- Born: 2000 (age 25–26)
- Education: University of Texas at Austin (BS) University of Washington (PhD)
- Awards: Maryam Mirzakhani New Frontiers Prize (2025)
- Scientific career
- Fields: Theoretical computer science Quantum computing
- Doctoral advisor: James Lee
- Other academic advisors: Scott Aaronson
- Website: ewintang.com

= Ewin Tang =

American computer scientist (born 2000)

Ewin Tang (born 2000) is a computer scientist at the University of California, Berkeley. She was named as one of 2019 Science Forbes 30 Under 30 for her work developing classical algorithms which matched the performance of the fastest known quantum algorithms, done as an undergraduate under the supervision of Scott Aaronson.

== Early life and education ==
Tang skipped the fourth, fifth, and sixth grades to take courses at a local high school and at the University of Texas at Arlington at the age of 10, and then enrolled at the University of Texas at Austin at the age of 14.

Tang first began research working with her mother, Wen-Jing Hu, in the nanotechnology laboratory of her father, Liping Tang.
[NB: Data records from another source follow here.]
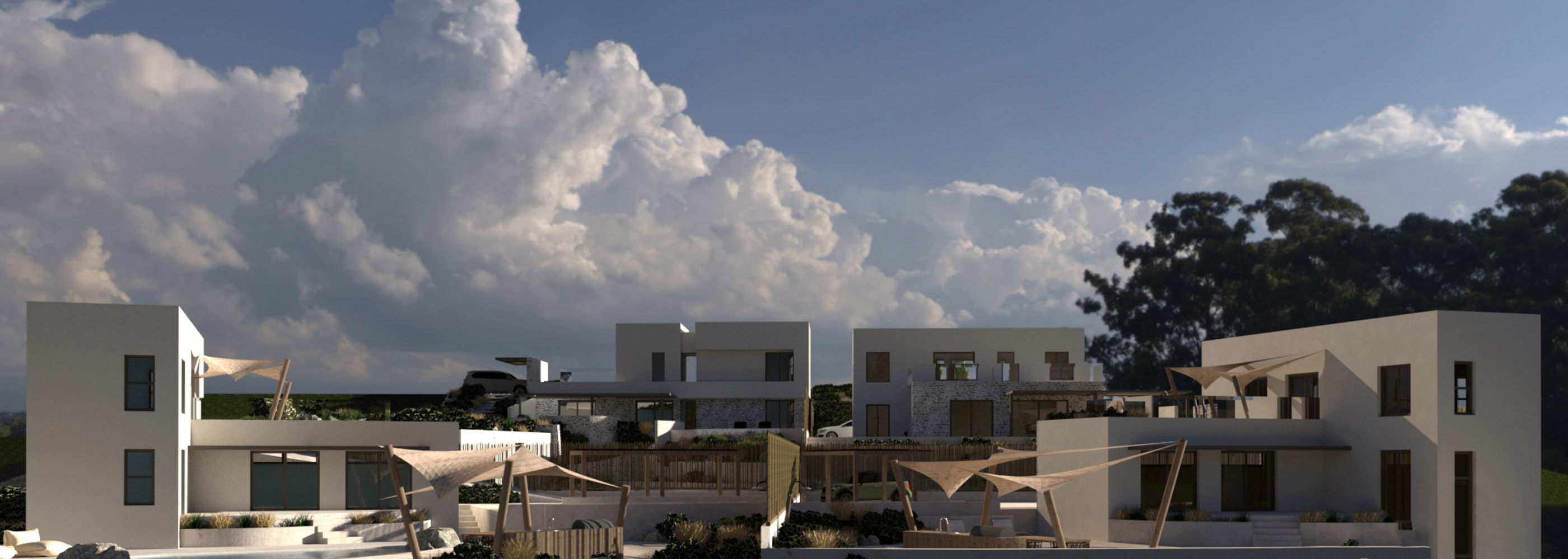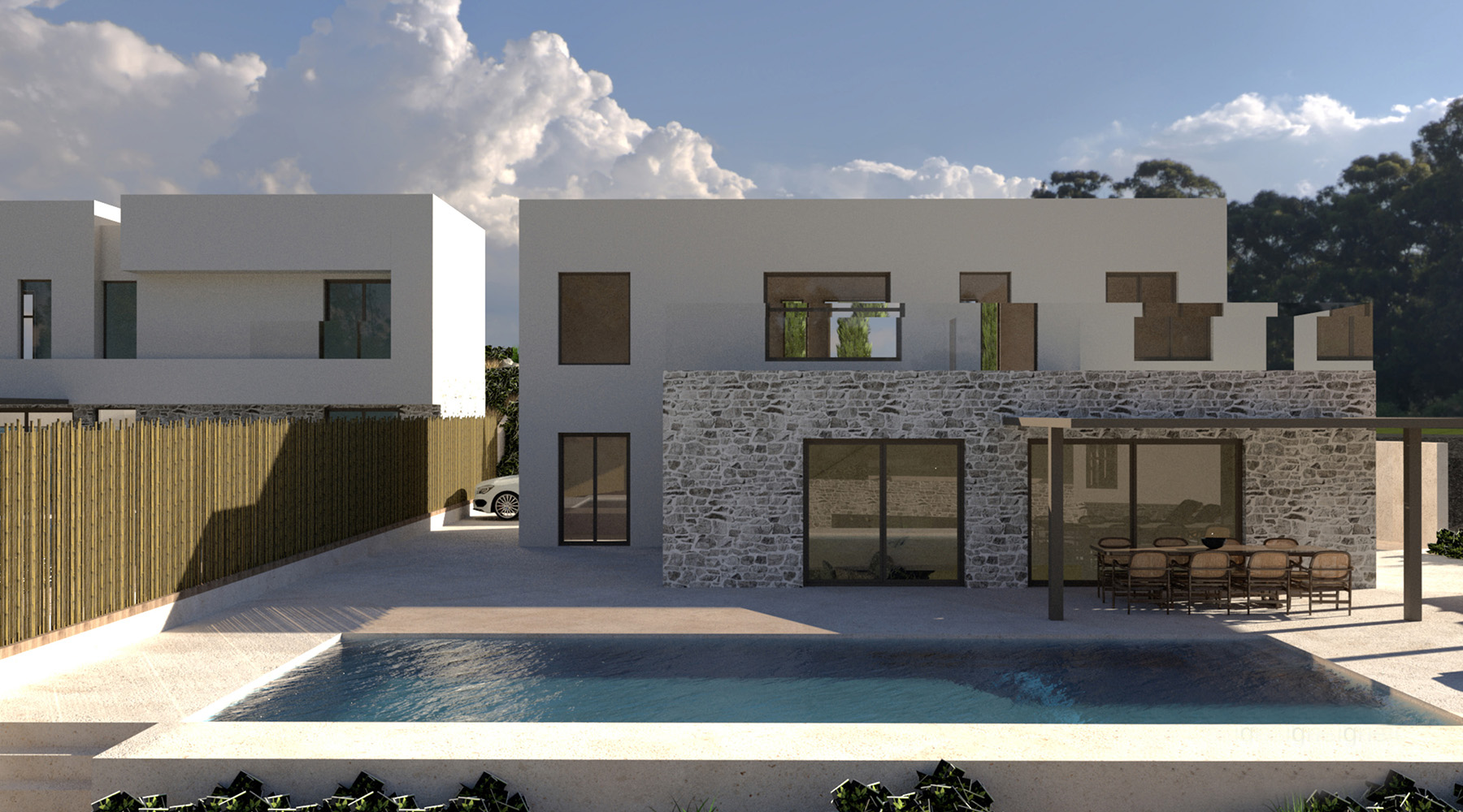 Η κατοικία θα κατασκευαστεί σε ένα πολυτελές συγκρότημα τεσσάρων ιδιοκτησιών, οι οποίες είναι αυτόνομες καθώς κάθε μία έχει οικόπεδο και πισίνα στην αποκλειστική της χρήση. Η εν λόγω κατοικία είναι σε δύο επίπεδα με ισόγειο 96 m² και όροφο 59 m². Θα κατασκευαστεί σε οικόπεδο 841 m² με χώρους στάθμευσης, αυλές και χώρο για έναν όμορφο κήπο. Στην τιμή διάθεσης θα συμπεριληφθεί, επίσης, ιδιωτική πισίνα 50 m².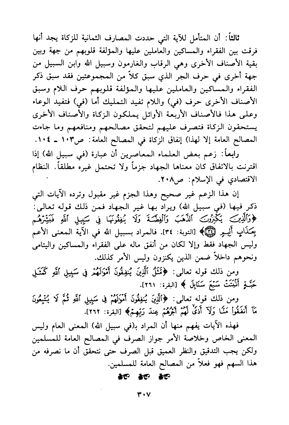 رابعاً: زعم بعض العلماء المعاصرين أن عبارة (وَفِي سَبِيلِ اللَّهِ) إذا اقترنت بالإنفاق كان معناها الجهاد جزماً ولا تحتمل غيره مطلقاً. النظام الاقتصادي في الإسلام ص 208.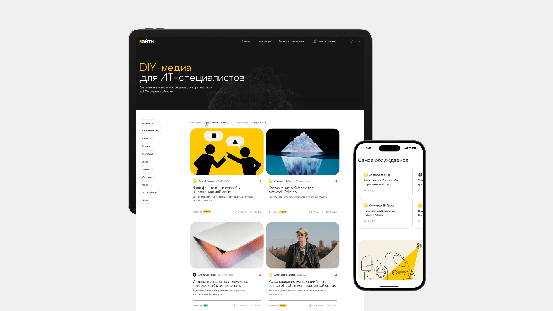 Решением стала разработка DIY-медиа «вАЙТИ» — площадки для авторского контента, пространства для IT-специалистов, которые хотят поделиться своей экспертизой и необычным опытом.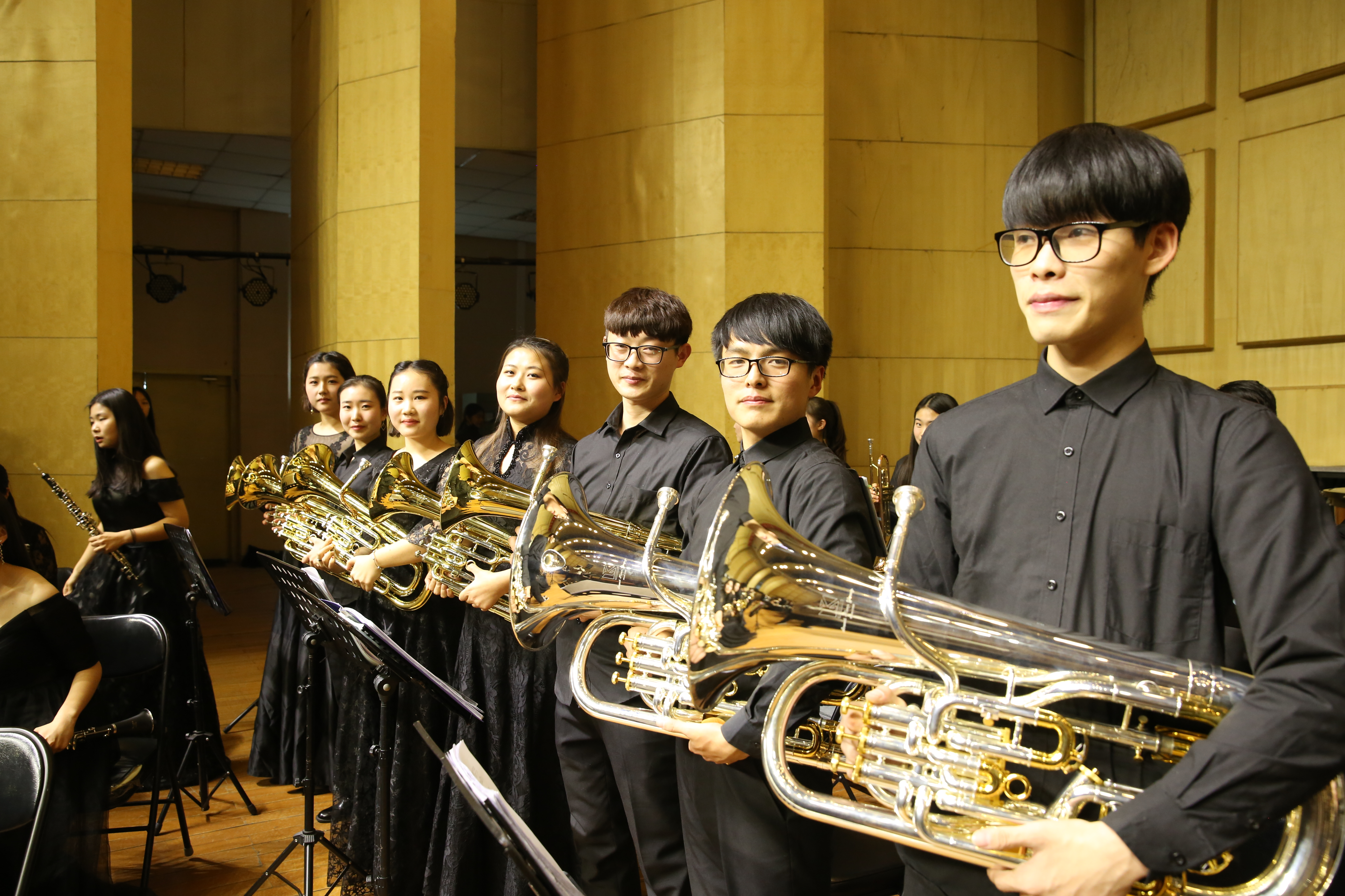 伟德官网下载苹果版管乐交响乐团成立于2016年11月,在我校领导的大力支持和许新建老师的悉心教导下发展迅速,乐团内有大量辅修器乐的学生,他们通过一年多的练习在专业技术和学习能力上都有很大的提高,也促进我校复合型人才的培养,形成复合型人才特色。

Together they worked on in vivo imaging for biomedical research such as optical probes to view polarized macrophages during foreign body reactions, bacterial infection, fibrin deposition, and real-time detection of neutrophil responses. In 2014 Tang was awarded an honorable mention for the Davidson Fellowship.

In 2017 Tang took a class on quantum computing from Scott Aaronson, who recognized her as an "unusually talented student" and became her undergraduate thesis advisor. Tang eventually developed a new classical algorithm for a matrix completion problem, motivated by applications to recommendation systems. The algorithm became the basis of her undergraduate thesis A quantum-inspired classical algorithm for recommendation systems and she received a BS in computer science and pure mathematics from UT Austin in 2018.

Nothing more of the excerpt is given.